Blocking Group Manipulation
[0122] In one aspect, the present disclosure is directed to the
manipulation of at least one blocking group on either the first or
second terminal end of the host-rotaxane to include a guest binding
element. The guest binding element is attached to the linear
component on the host-rotaxane as a blocking group and comprises a
desired chemical entity that will associate with, and/or host a
guest molecule. The guest binding element is essentially a
pre-designed, controlled binding structure that complements a
targeted guest.
[0123] The guest binding element, which is a blocking group
attached to the linear component of the host-rotaxane, can be a
cyclic or non-cyclic aromatic compound. Examples of suitable cyclic
aromatic compounds are calixarenes, cyclophanes, cyclodextrins,
resorcinarenes, as well as functionalized constructions thereof.

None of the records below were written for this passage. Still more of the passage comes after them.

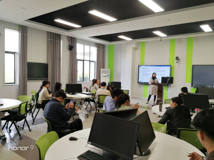 杨小雨对比赛规则、评比要素、平台资源建设、“学习通”教学活动控件的使用进行介绍,演示了信息化教学手段在日常教学活动中的应用,与教师们观摩上一届大赛部分获奖选手比赛视频,并针对教师的疑问进行现场指导与解答。
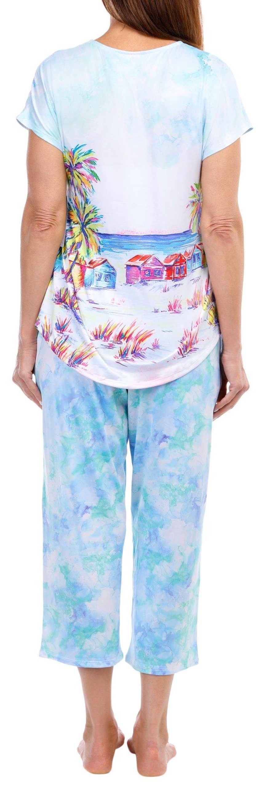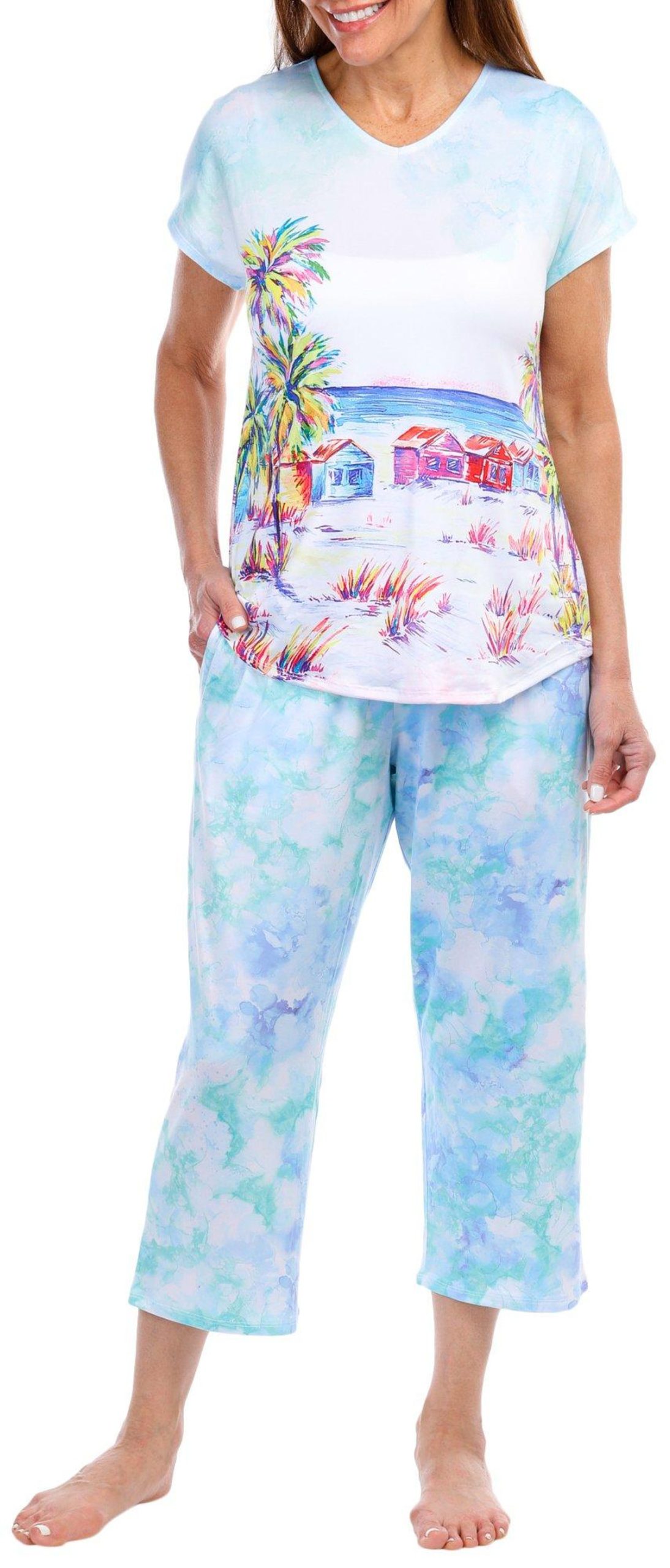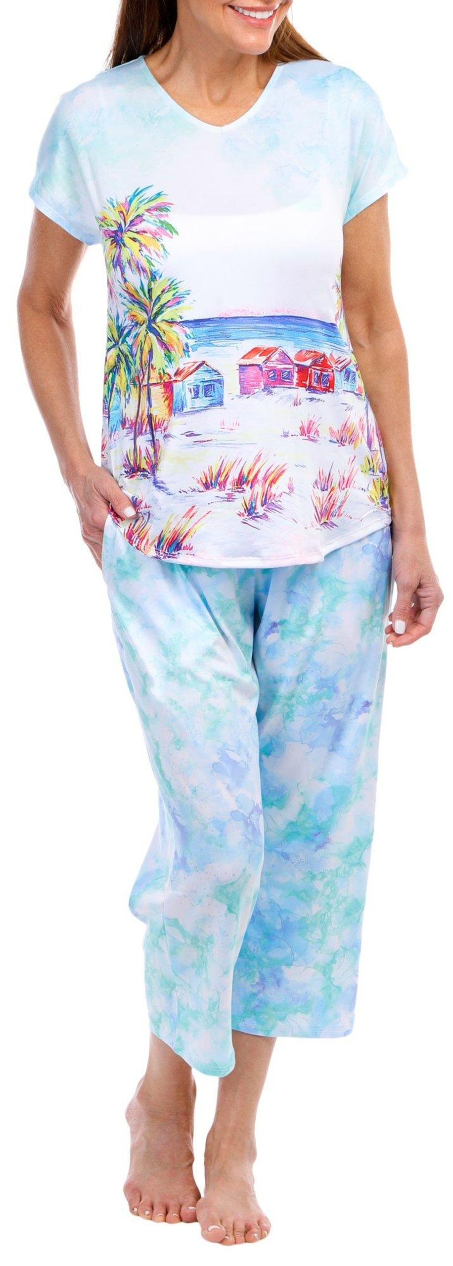 Drift to sleep with our 2-piece Short Sleeve Sleepwear Set. This charming set includes a short sleeve top and drawstring capris, both adorned with a colorful Key West Scene print. The soft, breathable fabric ensures a comfortable night’s sleep, while the playful design adds a touch of fun to your bedtime routine. Perfect for warm nights or lounging at home, this sleepwear set combines style and comfort for a great addition to your nighttime wardrobe. Fabrication is 97% polyester and 3% spandex.
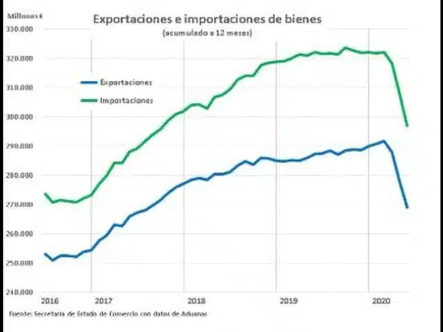 Según dato de Aduanas, las exportaciones españolas de mercancías se redujeron un 17,2% en el periodo enero-mayo respecto al mismo periodo del año anterior…
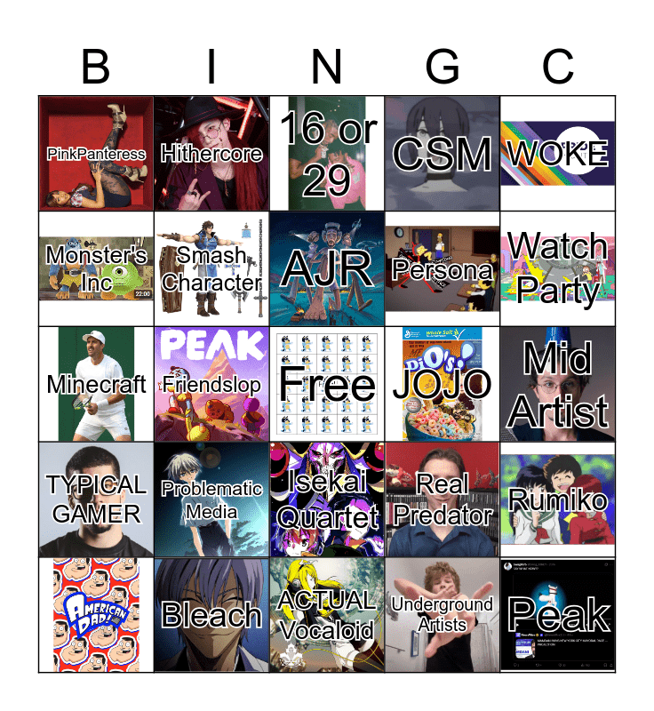 This bingo card has 24 images, a free space and 23 words: Problematic Media, Bleach, AJR, WOKE, PinkPanteress, Monster's Inc, Hithercore, JOJO, Isekai Quartet, Persona, Minecraft, Real Predator, Rumiko, Smash Character, Underground Artists, Mid Artist, 16 or 29, Watch Party, Friendslop, Peak, TYPICAL GAMER, CSM and ACTUAL Vocaloid.

Cyclic aromatic compounds as guest binding elements are most
appropriately formulated for binding large and small aromatic or
aliphatic groups in aqueous or non-aqueous polar solvents.
[0124] The cyclic aromatic compounds described above can host
various compounds including, but not limited to proteins, peptides,
amino acids, aromatic compounds, inorganic cations and anions,
organic cations and anions, sugars, DNA, RNA, nucleotides,
phosphates, phospholipids, fatty acids, steroids, isoprene
derivatives, as well as other compounds known to be compatible with
the aromatic compounds described above.
[0125] By way of example, calixarene used as a guest binding
element can host various guest molecules including, N-Ac-L-Trp,
indole, N-Ac-Gly, L-Trp, D-Trp, 1,5-DNS
(1-[di-methylamino]-5-naphthalenesulfonate), fluorescein, and
pyrene among other compounds known in the art. Cyclophane as a
guest binding element can host various compounds such as, Trp,
Ac-Trp, Ac-Trp-NH.sub.2, indole, In(CH.sub.2).sub.2CO.sub.2H,
Ac-Tip-Gly, Ac-Trp-Glu, Ac-Trp-Asp, Ac-Tip-Ala, Ac-Trp-Leu,
Ac-Trp-Ile, 1,5-DNS, fluorescein, and pyrene, among others known in
the art.
[0126] The guest binding element can further be a non-cyclic,
aromatic moiety. Such moieties could, for example, be non-cyclic
concave shaped moieties such as clefts, clips, or other scaffolds
that contain functional groups known in the art such as
peptidomimetic templates, as well as functionalized constructions
thereof. Such guest binding elements can host a variety of guest
molecules depending on the type of functional groups attached to
the guest binding element.
[0127] Examples of guest molecules that can be hosted by a
non-cyclic aromatic guest binding element include, but are not
limited to proteins, peptides, amino acids, aromatic compounds,
inorganic cations and anions, organic cations and anions, sugars,
DNA, RNA, nucleotides, phosphates, phospholipids, fatty acids,
steroids, isoprene derivatives, as well as other compounds known to
be compatible with the non-cyclic hosts described above. By way of
example, a cleft as a guest binding element can host a variety of
compounds such as, Trp, Ac-Trp, Ac-Trp-NH.sub.2, indole,
In(CH.sub.2).sub.2CO.sub.2H (3-indolepropionic acid), Ac-Trp-Gly,
Ac-Trp-Glu, Ac-Trp-Asp, Ac-Trp-Ala, Ac-Trp-Leu, Ac-Trp-Ile,
1,5-DNS, fluorescein, and pyrene as well as others known in the
art.
[0128] The guest binding element can further be a cyclic or
non-cyclic aliphatic ether. Cyclic aliphatic ethers that can be
guest binding elements are, for example, crown ethers, podands, or
other rings that have nitrogen or sulfur atoms, such as cyclic
lactams, as well as functionalized versions thereof. Various
non-cyclic aliphatic ethers, such as synthetic and naturally
occurring ionophores, as well as polyether antibiotics can be guest
binding elements. These cyclic and non-cyclic aliphatic ether
moieties can host, for example, inorganic cations and anions,
organic cations and anions, phosphates, phospholipids, polar
compounds, as well as other compounds known in the art.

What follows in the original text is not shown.